В результате при обращении в нашу Клинику были выявлены признаки значительного перенапряжения ЩЖ по данным УЗИ в виде значительной интенсификации тиреоидного кровотока (
рис. 1). Эта избыточная стимуляция ЩЖ со стороны гипофиза (ТТГ 33,6 мЕд/) и периферической ВНС, тем не менее, сопровождалась
адекватным отношением увеличенных скоростей выделения (щитовидной железой) и потребления (организмом) гормонов,
поддерживающим уровень главного потребляемого гормона Т3св. в оптимальной концентрации в крови (т.е. в середине нормы: 4,1 пмоль/л [3,0-5,6]). В том числе поэтому, несмотря на то что такие значения гормональных показателей называют «манифестным гипотиреозом», пациентка не жаловалась на ухудшение самочувствия.
Этот пример показывает несколько характерных для гипотиреоза особенностей (безусловно, не все):
1. Главное – активизацию напряжения кровотока, как при гипертиреозе, что прямо указывает на увеличенную стимуляцию щитовидной железы (со стороны периферической ВНС) и
усиление её функционального напряжения.
2. Причины гипотиреоза – значимые (в том числе избыточные и продолжительные) энергозатраты организма.
3. Механизм истощения и гибели тиреоцитов – в результате длительного перенапряжения щитовидной железы (увеличение скорости образования гормонов).
4. Усиленная активизация иммунной системы – компенсаторная помощь истощённой ЩЖ, а не провокационный источник болезни.

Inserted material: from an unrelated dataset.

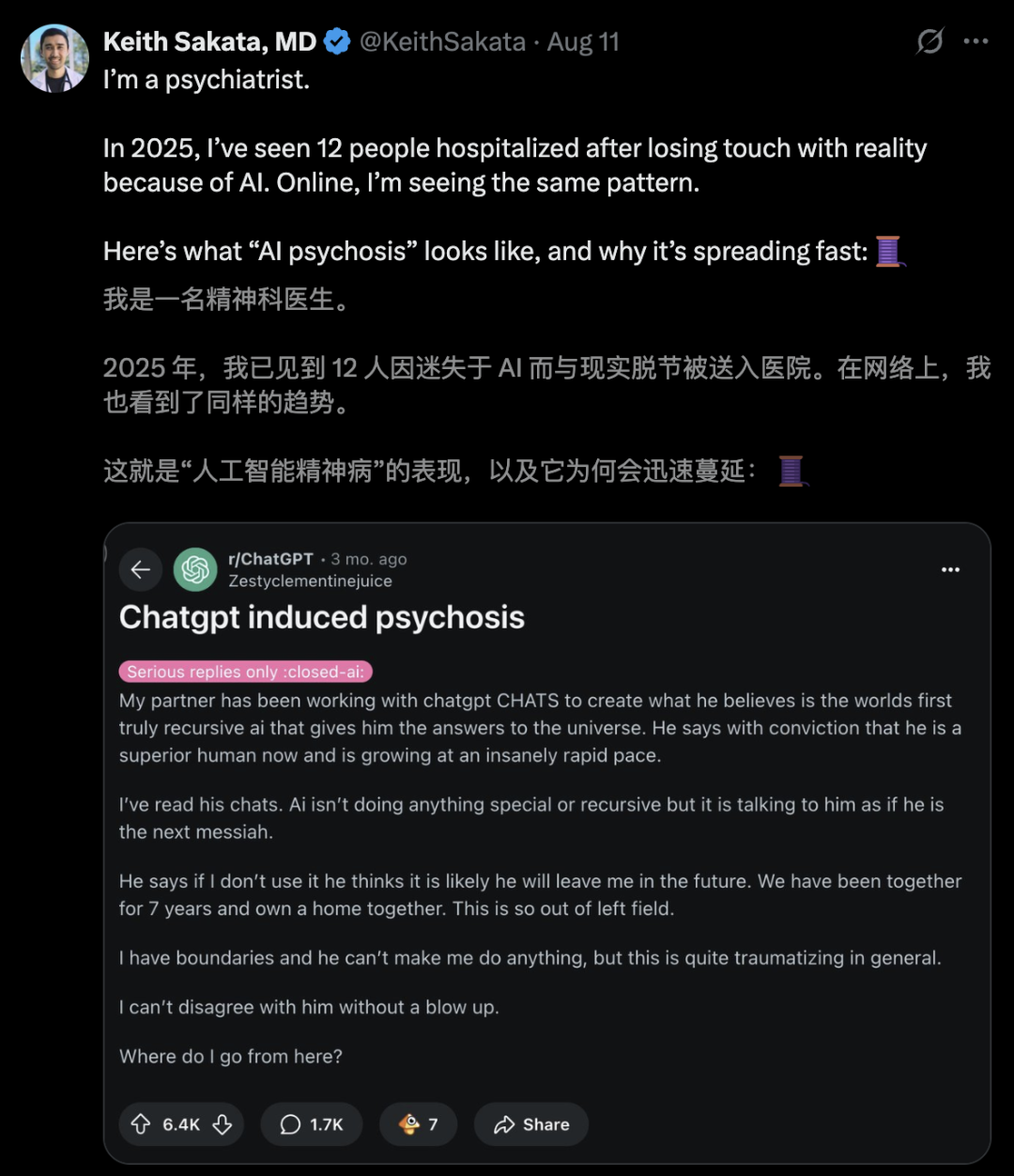 美国精神科医生Keith Sakata在今年发文警告:

5. Напряжённое сохранение оптимального уровня главного потребляемого гормона (Т3св.) как цель компенсаторного процесса (за счёт увеличения скорости производства и выделения гормонов ЩЖ, внещитовидного дейодирования и проч.).

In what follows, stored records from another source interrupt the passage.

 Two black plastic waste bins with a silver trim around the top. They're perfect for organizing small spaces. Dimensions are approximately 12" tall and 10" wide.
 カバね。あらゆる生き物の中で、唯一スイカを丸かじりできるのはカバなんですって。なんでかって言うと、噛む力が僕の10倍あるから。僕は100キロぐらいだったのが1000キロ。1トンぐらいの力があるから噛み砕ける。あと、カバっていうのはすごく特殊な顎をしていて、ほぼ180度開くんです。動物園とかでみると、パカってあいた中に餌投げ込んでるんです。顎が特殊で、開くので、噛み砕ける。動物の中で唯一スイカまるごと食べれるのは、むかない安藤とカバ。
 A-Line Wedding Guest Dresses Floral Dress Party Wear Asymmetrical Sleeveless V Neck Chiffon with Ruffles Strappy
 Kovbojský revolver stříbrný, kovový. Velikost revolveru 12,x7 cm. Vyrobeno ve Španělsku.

6. Преимущественно нацеленная на ЩЖ, а не общесистемная стимуляция со стороны периферической ВНС. Поэтому для первичного гипотиреоза характерно усиление максимальной систолической скорости кровотока (обычно не выше средних избыточных
величин: 50-80 см/с [127], в отличие от гипертиреоза, при котором могут наблюдаться такие и бόльшие значения ПССК, в зависимости от степени возбуждения ВНС).